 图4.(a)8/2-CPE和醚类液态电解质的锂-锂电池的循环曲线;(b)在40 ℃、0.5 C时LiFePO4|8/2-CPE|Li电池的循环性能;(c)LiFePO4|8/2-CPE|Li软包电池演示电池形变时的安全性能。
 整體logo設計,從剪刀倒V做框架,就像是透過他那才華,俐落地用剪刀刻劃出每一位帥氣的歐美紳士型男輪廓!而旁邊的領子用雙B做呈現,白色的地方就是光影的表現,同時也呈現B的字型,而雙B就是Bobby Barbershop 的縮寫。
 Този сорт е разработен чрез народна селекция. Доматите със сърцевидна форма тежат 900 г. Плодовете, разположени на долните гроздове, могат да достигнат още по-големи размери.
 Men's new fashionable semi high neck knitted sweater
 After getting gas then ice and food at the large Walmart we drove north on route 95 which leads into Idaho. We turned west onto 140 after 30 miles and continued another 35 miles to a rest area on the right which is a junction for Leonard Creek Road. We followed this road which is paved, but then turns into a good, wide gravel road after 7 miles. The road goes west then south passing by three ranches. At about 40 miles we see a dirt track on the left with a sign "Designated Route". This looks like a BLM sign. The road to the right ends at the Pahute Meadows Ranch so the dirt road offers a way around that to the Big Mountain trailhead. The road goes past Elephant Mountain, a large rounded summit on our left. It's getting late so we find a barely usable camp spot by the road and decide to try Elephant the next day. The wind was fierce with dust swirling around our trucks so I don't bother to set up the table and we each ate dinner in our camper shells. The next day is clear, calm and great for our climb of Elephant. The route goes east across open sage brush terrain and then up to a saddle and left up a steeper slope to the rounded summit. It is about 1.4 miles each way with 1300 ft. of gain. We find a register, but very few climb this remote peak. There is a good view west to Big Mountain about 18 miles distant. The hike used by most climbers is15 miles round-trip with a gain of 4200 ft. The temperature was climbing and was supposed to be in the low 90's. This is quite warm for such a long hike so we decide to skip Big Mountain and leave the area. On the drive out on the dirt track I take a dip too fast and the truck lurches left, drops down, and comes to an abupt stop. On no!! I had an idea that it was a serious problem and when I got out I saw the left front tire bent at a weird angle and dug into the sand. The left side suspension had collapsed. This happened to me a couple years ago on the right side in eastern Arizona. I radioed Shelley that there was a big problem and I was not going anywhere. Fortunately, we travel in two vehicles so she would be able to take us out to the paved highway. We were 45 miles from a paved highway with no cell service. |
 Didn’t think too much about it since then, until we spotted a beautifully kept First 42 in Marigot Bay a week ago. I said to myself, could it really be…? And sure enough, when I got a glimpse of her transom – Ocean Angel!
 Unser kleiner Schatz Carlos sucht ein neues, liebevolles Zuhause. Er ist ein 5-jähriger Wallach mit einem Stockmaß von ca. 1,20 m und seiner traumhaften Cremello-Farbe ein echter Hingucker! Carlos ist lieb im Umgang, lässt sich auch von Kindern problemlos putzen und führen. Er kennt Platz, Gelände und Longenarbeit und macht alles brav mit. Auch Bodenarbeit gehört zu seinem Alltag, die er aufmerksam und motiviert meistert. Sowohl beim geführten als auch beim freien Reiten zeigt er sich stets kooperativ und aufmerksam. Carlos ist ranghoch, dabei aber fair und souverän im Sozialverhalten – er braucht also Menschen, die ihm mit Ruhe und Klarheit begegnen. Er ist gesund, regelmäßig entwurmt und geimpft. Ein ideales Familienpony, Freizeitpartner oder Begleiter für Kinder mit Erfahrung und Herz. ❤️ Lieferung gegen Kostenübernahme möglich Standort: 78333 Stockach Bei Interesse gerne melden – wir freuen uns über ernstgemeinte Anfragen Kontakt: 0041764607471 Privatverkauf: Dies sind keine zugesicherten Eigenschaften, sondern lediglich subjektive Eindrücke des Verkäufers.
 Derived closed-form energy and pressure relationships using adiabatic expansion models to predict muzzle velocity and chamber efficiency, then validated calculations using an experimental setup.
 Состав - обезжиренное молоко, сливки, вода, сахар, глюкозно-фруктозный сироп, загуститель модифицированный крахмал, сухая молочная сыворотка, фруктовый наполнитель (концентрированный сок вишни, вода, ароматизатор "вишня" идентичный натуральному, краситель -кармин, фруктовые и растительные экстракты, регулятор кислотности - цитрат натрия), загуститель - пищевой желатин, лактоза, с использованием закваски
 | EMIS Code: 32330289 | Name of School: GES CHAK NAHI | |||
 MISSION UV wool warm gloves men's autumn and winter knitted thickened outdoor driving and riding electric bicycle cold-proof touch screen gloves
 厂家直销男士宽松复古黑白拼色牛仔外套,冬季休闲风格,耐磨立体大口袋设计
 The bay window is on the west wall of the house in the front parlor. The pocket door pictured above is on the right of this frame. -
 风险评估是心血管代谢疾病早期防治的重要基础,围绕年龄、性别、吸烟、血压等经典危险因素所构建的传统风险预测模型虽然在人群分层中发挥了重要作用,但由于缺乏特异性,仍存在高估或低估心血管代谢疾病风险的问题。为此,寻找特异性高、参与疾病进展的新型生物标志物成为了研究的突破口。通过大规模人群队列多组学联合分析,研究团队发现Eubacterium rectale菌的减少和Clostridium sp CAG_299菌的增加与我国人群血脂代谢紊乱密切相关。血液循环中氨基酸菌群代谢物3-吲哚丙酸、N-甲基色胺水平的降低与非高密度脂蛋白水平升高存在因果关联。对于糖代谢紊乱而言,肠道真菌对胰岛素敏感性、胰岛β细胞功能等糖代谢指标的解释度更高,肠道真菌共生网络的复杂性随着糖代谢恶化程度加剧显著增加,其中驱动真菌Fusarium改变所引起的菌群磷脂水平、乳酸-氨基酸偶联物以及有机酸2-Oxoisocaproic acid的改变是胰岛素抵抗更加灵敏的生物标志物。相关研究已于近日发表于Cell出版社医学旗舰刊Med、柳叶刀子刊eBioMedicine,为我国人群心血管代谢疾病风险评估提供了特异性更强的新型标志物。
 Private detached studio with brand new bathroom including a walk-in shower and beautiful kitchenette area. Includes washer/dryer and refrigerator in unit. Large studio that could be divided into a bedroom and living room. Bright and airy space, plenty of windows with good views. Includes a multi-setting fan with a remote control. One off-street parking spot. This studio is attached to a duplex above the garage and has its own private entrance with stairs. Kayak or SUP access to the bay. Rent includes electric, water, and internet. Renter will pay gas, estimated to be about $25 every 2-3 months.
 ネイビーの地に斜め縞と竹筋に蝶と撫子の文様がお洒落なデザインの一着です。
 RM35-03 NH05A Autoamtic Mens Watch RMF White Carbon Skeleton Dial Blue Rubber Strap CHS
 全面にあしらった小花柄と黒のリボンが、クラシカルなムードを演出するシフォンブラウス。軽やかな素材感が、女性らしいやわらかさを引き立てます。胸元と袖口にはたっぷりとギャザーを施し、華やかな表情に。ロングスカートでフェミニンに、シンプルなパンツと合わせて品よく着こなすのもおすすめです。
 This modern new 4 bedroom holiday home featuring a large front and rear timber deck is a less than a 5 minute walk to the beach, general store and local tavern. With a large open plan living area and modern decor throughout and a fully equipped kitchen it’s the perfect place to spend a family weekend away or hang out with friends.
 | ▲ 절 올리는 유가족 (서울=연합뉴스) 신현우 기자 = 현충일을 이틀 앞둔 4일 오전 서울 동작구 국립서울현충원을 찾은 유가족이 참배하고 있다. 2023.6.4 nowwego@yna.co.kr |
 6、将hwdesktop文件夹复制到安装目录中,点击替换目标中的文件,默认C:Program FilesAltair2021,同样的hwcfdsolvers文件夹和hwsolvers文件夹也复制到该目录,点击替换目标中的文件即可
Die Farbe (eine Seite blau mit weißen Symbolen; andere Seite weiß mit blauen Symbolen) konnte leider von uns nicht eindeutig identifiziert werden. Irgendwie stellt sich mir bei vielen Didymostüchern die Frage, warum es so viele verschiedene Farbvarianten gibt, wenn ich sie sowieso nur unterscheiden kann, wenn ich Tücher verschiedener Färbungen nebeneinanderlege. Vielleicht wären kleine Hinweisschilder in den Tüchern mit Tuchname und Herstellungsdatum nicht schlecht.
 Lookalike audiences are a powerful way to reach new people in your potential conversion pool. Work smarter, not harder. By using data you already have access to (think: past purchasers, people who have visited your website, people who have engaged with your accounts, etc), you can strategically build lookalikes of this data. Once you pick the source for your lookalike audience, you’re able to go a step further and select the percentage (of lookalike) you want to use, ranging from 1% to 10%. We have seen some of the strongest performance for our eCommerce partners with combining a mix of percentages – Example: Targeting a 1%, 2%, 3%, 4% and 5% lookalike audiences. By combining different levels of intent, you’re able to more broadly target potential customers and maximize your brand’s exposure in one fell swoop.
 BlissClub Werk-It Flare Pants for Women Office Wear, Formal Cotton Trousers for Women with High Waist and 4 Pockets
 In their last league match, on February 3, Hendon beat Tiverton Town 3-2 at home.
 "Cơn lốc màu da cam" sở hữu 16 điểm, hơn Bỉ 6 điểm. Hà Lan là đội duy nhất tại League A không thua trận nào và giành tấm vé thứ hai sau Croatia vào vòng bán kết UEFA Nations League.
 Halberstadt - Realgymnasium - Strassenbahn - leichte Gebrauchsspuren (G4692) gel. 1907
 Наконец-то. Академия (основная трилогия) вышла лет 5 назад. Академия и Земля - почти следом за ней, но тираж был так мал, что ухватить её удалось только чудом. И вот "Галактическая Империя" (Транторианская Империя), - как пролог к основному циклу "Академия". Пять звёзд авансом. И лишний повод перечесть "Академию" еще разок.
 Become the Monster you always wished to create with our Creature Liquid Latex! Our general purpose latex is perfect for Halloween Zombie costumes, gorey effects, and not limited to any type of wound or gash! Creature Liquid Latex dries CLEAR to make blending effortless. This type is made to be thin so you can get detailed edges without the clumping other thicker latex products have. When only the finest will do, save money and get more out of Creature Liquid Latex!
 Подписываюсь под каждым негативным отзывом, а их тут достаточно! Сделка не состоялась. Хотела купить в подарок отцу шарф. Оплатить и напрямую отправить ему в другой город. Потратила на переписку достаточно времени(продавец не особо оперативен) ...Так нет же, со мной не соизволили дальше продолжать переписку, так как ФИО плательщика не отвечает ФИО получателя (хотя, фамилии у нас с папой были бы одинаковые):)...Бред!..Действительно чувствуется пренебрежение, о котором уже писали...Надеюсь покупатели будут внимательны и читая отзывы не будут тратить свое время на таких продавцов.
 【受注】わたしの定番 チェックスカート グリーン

======

Look above for the line that contains "MISSION UV wool". Starting there, transcribe every line exactly until you have copied the line that contains "The bay window".

## RESPONSE AREA
 MISSION UV wool warm gloves men's autumn and winter knitted thickened outdoor driving and riding electric bicycle cold-proof touch screen gloves
 厂家直销男士宽松复古黑白拼色牛仔外套,冬季休闲风格,耐磨立体大口袋设计
 The bay window is on the west wall of the house in the front parlor. The pocket door pictured above is on the right of this frame. -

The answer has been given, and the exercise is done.